Can he dig just a little bit deeper? You betcha, says Sarah: “The paparazzi were congregated outside our house after the story broke yesterday morning, so I told Nigella to take the kids off till the dust settled”. He didn’t talk to her and come to an agreement to do something – he told her what to damn well do. Perhaps Saatchi believes his wife is some kind of chattel.
Well, whatever his belief, Saatchi has admitted that he assaulted Nigella, and that he does not consider it unusual to instruct her as to her movements.
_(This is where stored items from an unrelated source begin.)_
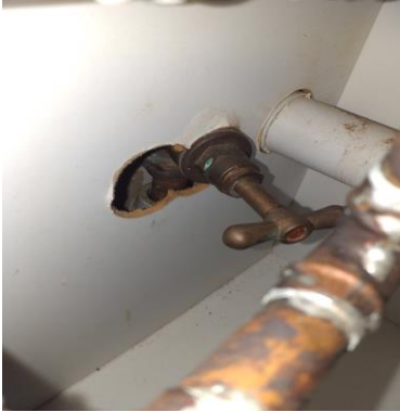
Mains Isolation Valve
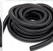
SV38/5H 1 x 5m Hose
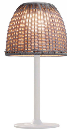
Shown in natural white / light beige

COLOR RENDERING . . . . . 90 CRI LAMP COLOR . . . . . 2700K LUMENS/WATT . . . . . 133.57 LUMINOUS FLUX . . . . . 1122 lumens
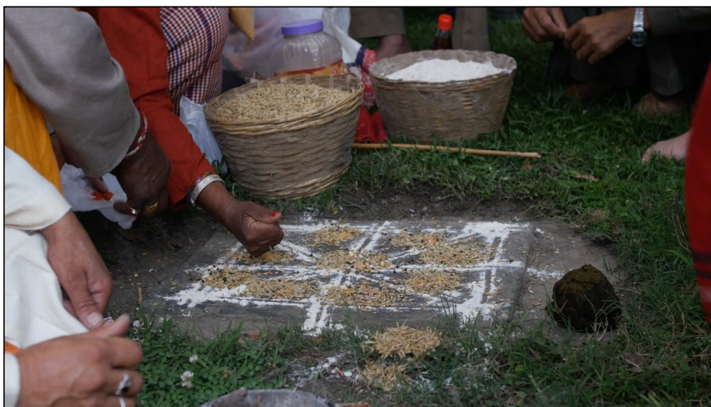
Figure 2. Empowering the yantra (Kahika Kharerna).

Having secreted the ḍāḍh from a plastic bag, the Nar wrapped it in white cloth and placed it at the centre of the ritual space above the square yantra. He then drew a replica of the base yantra on top of the device. Locked between these parallel, ritually empowered representations of the universe,
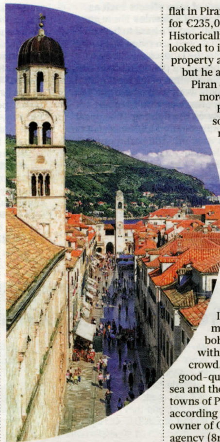
101 reasons to buy Dalmatian highlights include the old town of Dubrovnik, above, and unspoilt islands such as Sipan, right
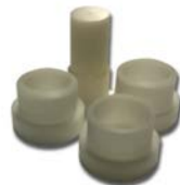
Packing Insertion Kit
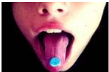
New "Genius Pill" Used By...
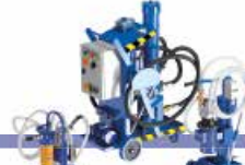
MOBILE FILTRATION UNITS
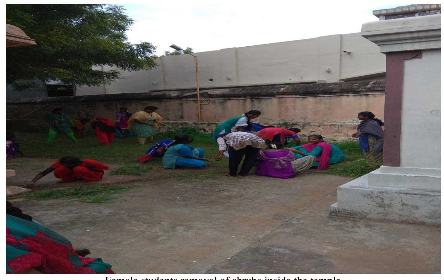
Female students removal of shrubs inside the temple
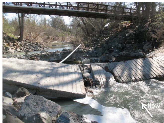
Figure 3. Upstream (left) and Downstream (right) Surroundings. Notice the abundant rip rap and concrete material in stream that is not associated with this concrete structure.
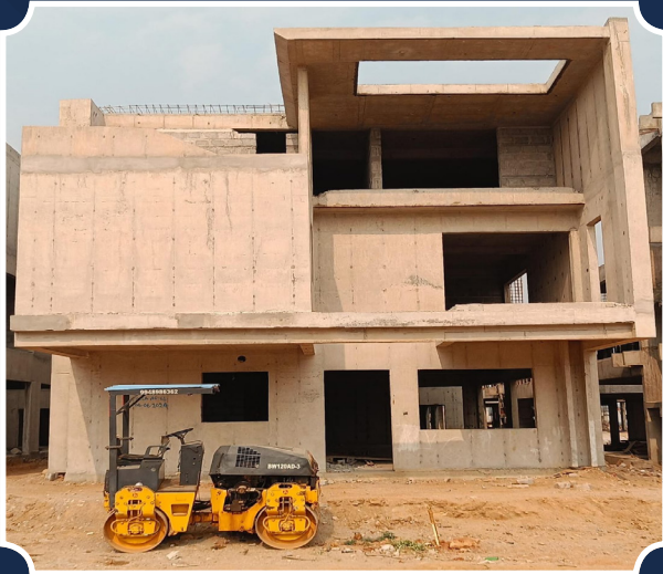
VILLA-65 (Structure completed)
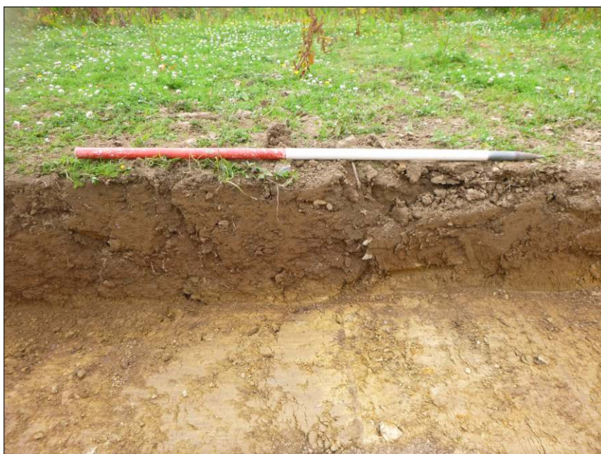
Plate 3: Representative section of stripped track. View to east (scale 1m)
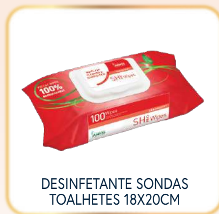
DESINFETANTE SONDAS TOALHETES 18X20CM
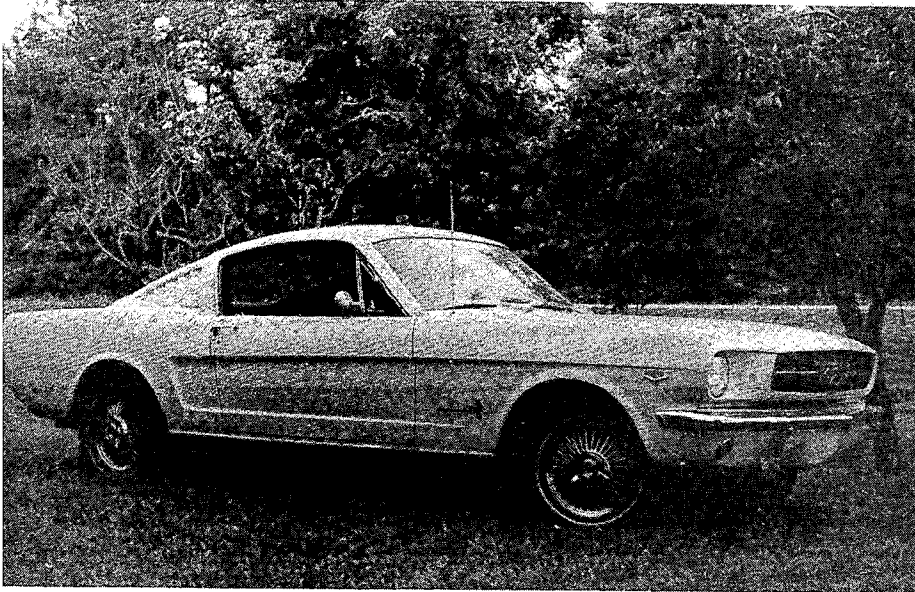
1965 MUSTANG 2+2 FASTBACK
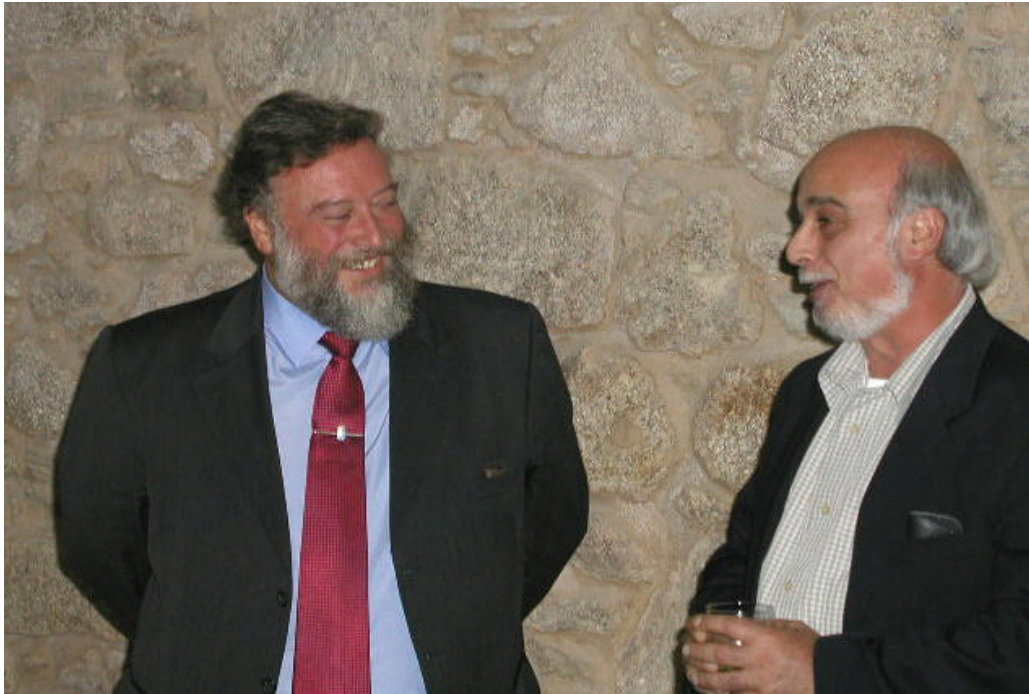
Reception: E. Lopez-Veiga, Minister of Fisheries of the Galician Government and R. K. Mayo, Chair Scientific Council, at the Reception held for participants of the Symposium at Hotel AC Palacio Del Carmen, 11 September 2002.
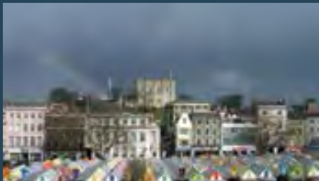
View of Norwich from City Hall towards Norwich Castle

Norwich is a medieval city which, in its hey-day, rivalled London in terms of size and was for many years England's second city, being only 100 miles from the court of London. It was a wealthy city with its fame built on textile trade, weaving and particularly wool. Nearly half of the population was French, Dutch or Flemish and engaged in the weaving trade – hence the name of the football club, the Canaries, called after the birds which the weavers kept for company.
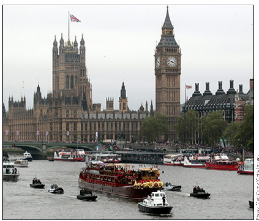
The royal barge passes crowds lining the river near the Houses of Parliament
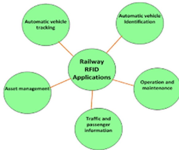
Figure 2.1.2 RFID Applications

1) RFID Technology : Electric appliances that can detect energy as the reading and can display them are called electric meters. Traditional meters are used in the late 19th century. They exchange data between electronic devices in computerized environments for both power generation and distribution.
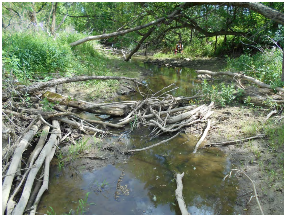
Photo 42. Mid-reach, looking downstream.
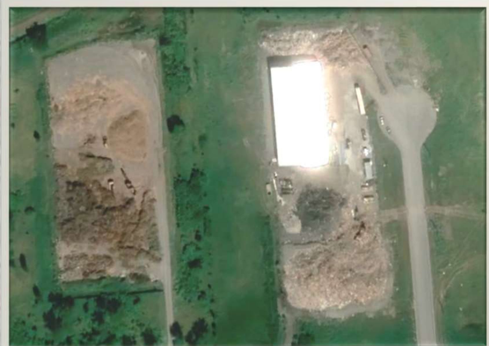
June 19 th 2020 - Satellite Imagery of the Property After the Opening of the Sorting Center, eighteen months after the first observed infraction
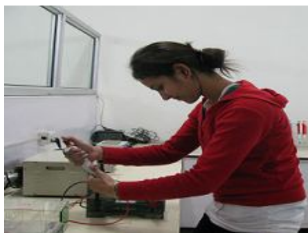
Electrophoresis ( 10 Nos )
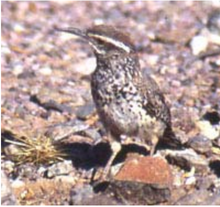
Cactus Wren ( Campylorhynchus brunneicapillus )
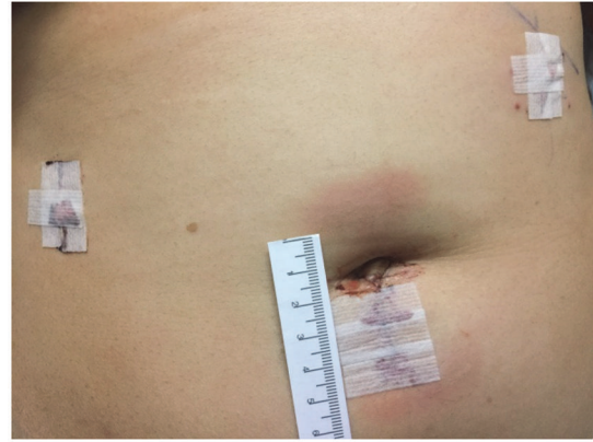
FIGURE 1: One 3 cm mini-laparotomic incision was made to hand-morcellate the large tumor.

An important consideration in the differential diagnosis of this patient should be idiopathic spontaneous intraperitoneal haemorrhage (ISIH), or abdominal apoplexy, which is a rare and often fatal diagnosis. Increasing but still very limited reports mention that ISIH may result from a variety of disease processes affecting the arterial and venous abdominal
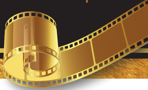
Table Sponsor – $10,500
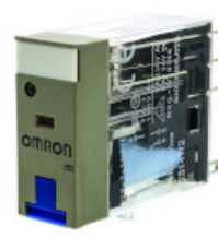
G2R-2-SNDI 12VDC (S) Relay, plug-in, 8-pin, DPDT, 5 A, mech & LED indicators, coil suppressor, lockable test button, label facility, 12 VDC.
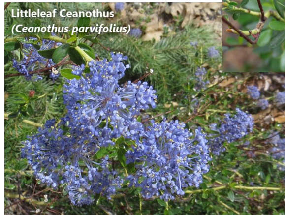
Littleleaf Ceanothus ( Ceanothus parvifolius )
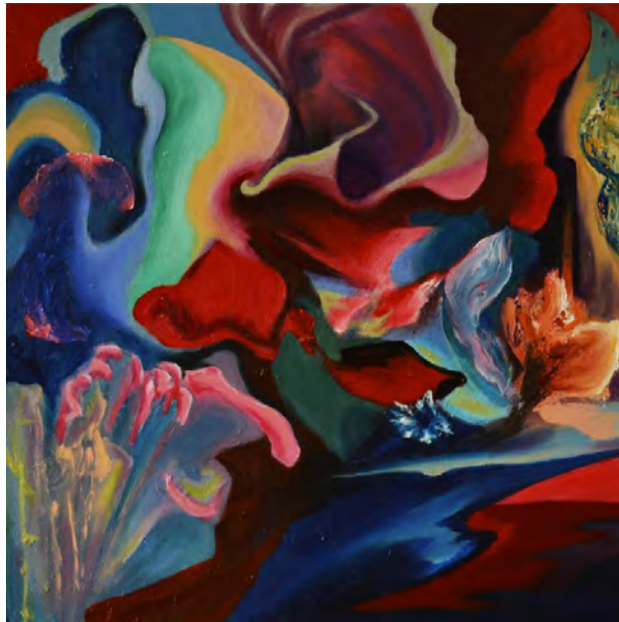
Intruding Into Flowers Among Lots Of Birds, 2021
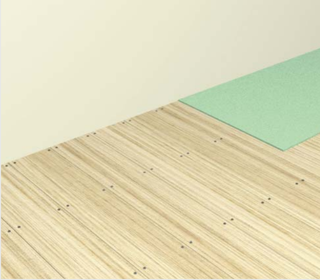
LAY INSULATION BOARD (STOCK NO. 5400) OVER ENTIRE SUBFLOOR (TIMBER OR SCREED)
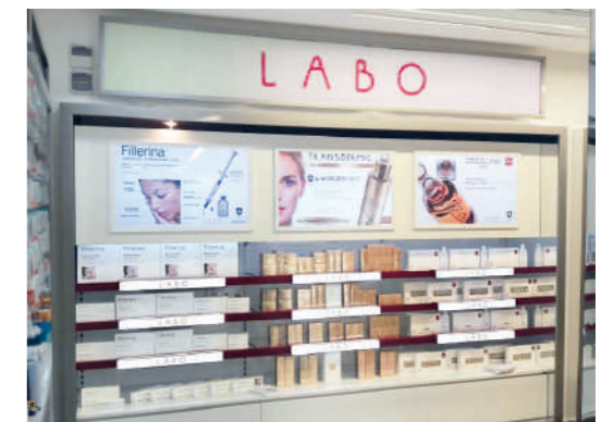
Zaytouna Pharmacy, Beirut
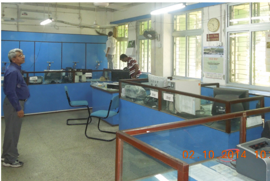
Cleaning work undertaken in CNH Office
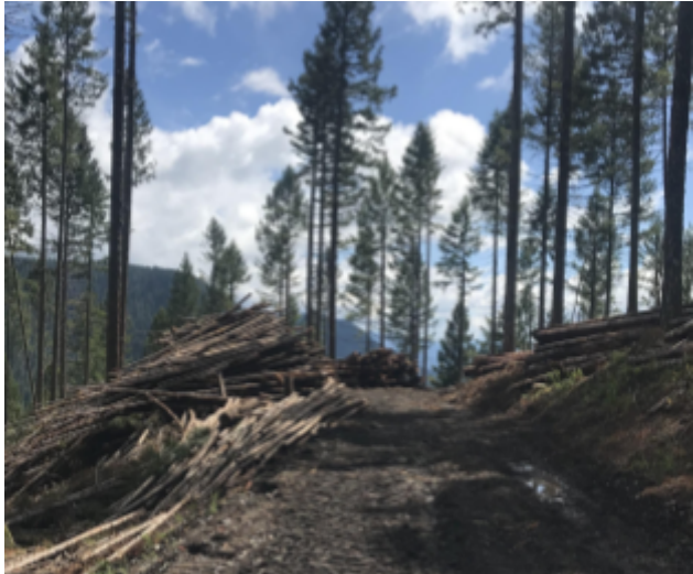
A BUC converts logging residues that would otherwise be burned as slash into products that create jobs and revenue.

A biomass utilization campus (BUC) is a facility that processes logging byproducts and non-timber woody material. This includes tree tops, slash and small or damaged wood.
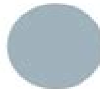
Sherwin-Williams Dockside Blue
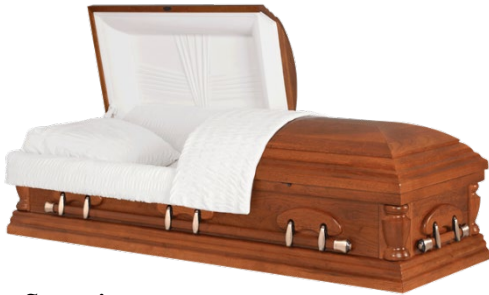
Sovereign - Pecan Satin Finish Ivory Majestic Velvet- $5,795
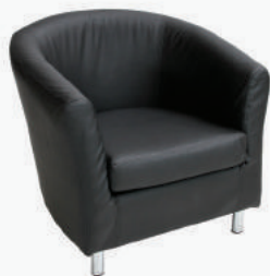
Swedish Tub Leather Chair Black Stock Code: 610BK h 750 | w 800 | sh 380 | d 800
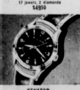
$4950 (Also available with white dial)
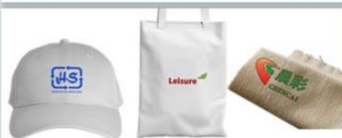
Silicone trademark heat transfer product
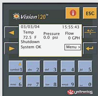
HR-Series PLC Display
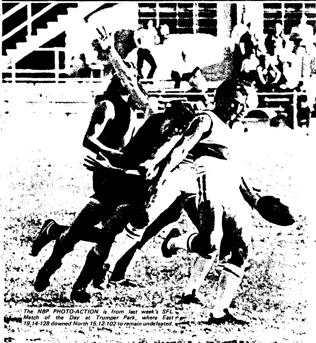
The NBP PHOTO-ACTION is from last week's SFL Match of the Day at Trumper Park, where East 19.14-128 downed North 15.12-102 to remain undefeated.
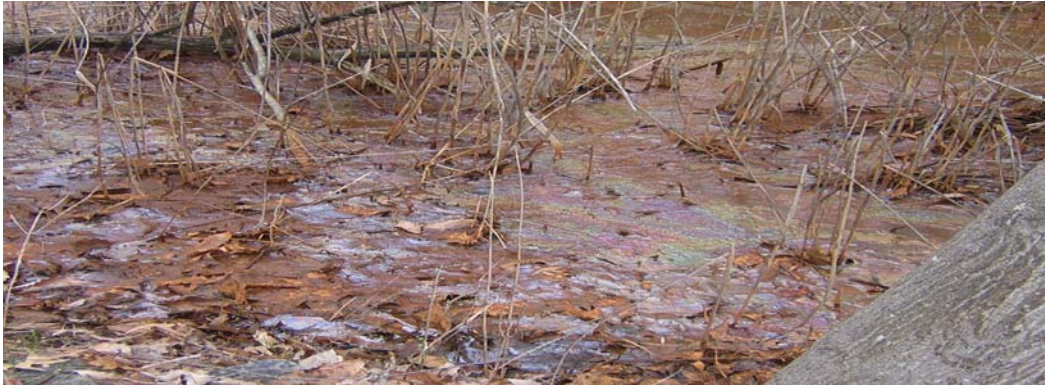
Iridescent sheen at Wildcat Landfill, April 2008.

During our physical inspection of the site we observed a sheen on the surface waters throughout the site. The sheen was iridescent and oily in appearance (see photo below). While this sheen could be harmless, it could also indicate the presence of a petroleum product. Region 3 personnel said they were aware of the sheen at the Site but had concluded that it was naturally occurring.
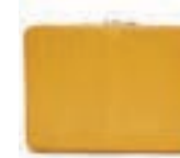
MARIA LARGE ZIP MUSTARD
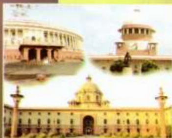
Four Pillars of Indian Democracy 42

All published material in SCHOLASTIK WORLD are the personal views of the authors. The Editorial Board and Publishers will not be held responsible on that count.
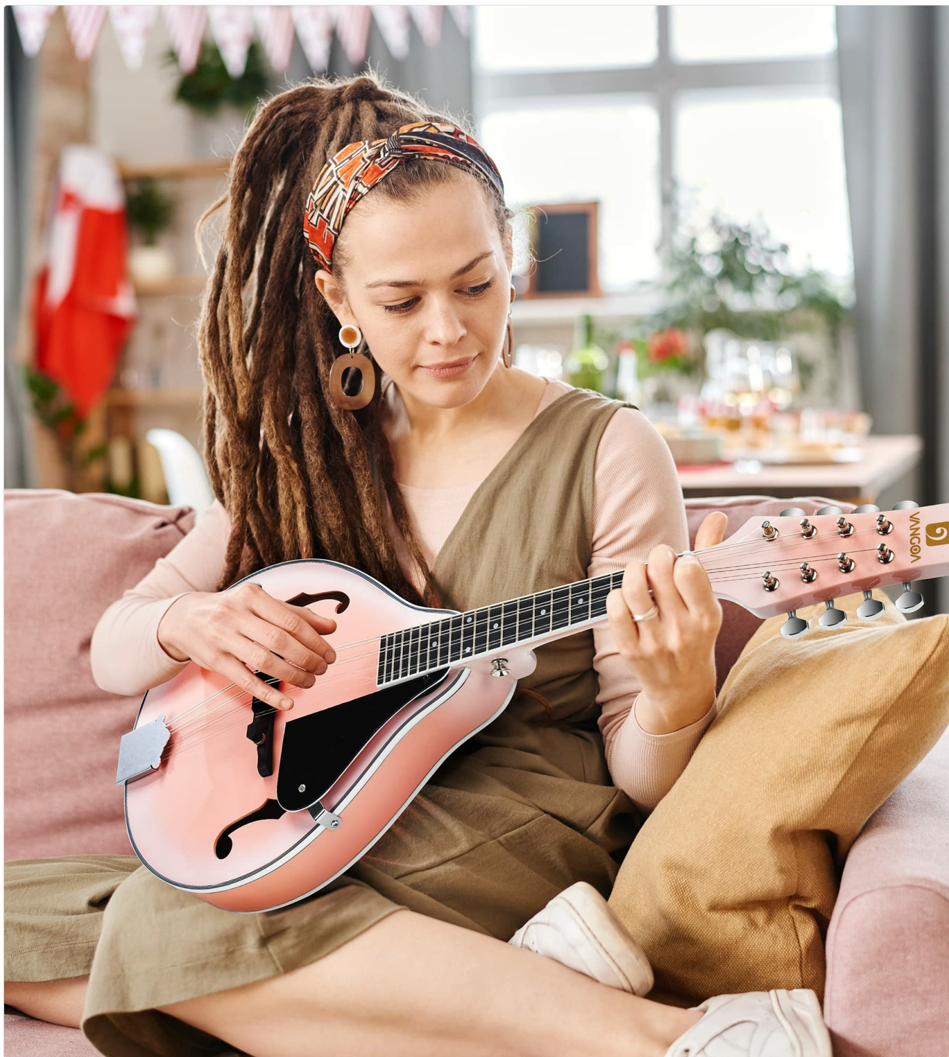
Image: A person playing the Vangoa mandolin indoors, highlighting its comfortable design for relaxed playing sessions.
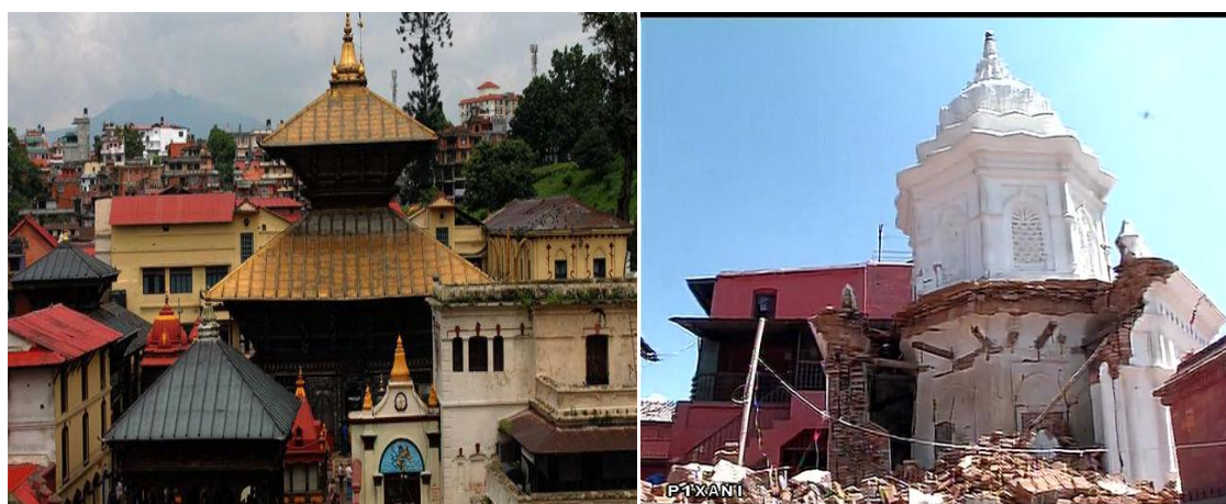
Picture 7; Picture of Pashupatinath Temple before and after an earthquake

The temple of Pashupatinath has not taken any damage and has remained intact during the devastating earthquake. However, minor damages can be seen around the temple which could be renovated. But, the observation can be concluded with no major effects in the area. And, there is no restriction in tourist or visitors access.
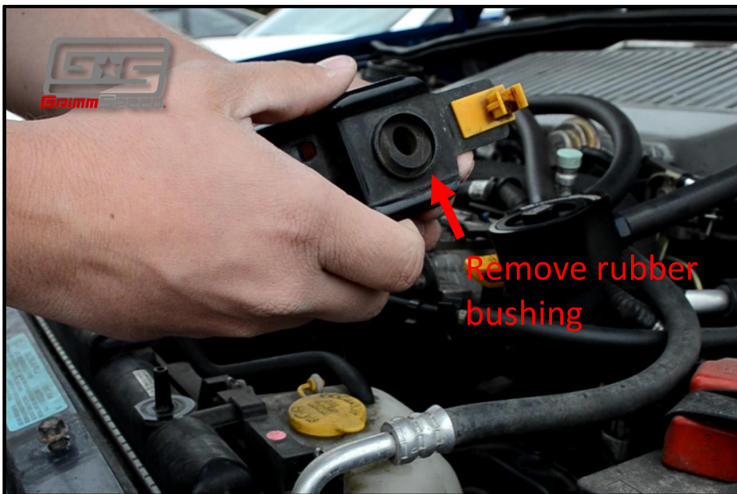
Figure 5: Removing rubber bushings

In this he has achieved two things: given the Metropolitan Police the green light to call him in for a chat – of a “playful” nature, you understand – and ensured his alienation from anyone who had not previously pronounced judgment on the affair.
Meanwhile, Scott’s Of Mayfair has deployed a straight bat: “The staff and management at Scott's are aware of the reports in the media and would like to make it clear that they did not see the alleged incident nor were they alerted to it at the time”. Quite. I wouldn’t be blowing a hundred quid a head including drinksh without knowing that the gofers could be relied upon to keep schtum.
And snapper “Jean-Paul” has now seen his photos adorning the report in the Mail, along with appropriate attribution, thus demonstrating that, whether shocked pundits approve or otherwise, it is far more rewarding to keep well away from rowing couples and just loose off the SLR instead. As for Charles Saatchi, well, he’ll find that there’s one thing money can’t buy, and that’s the winning over of public opinion.
Especially as he’s just gone on record admitting assault. Bad move, Charlie boy.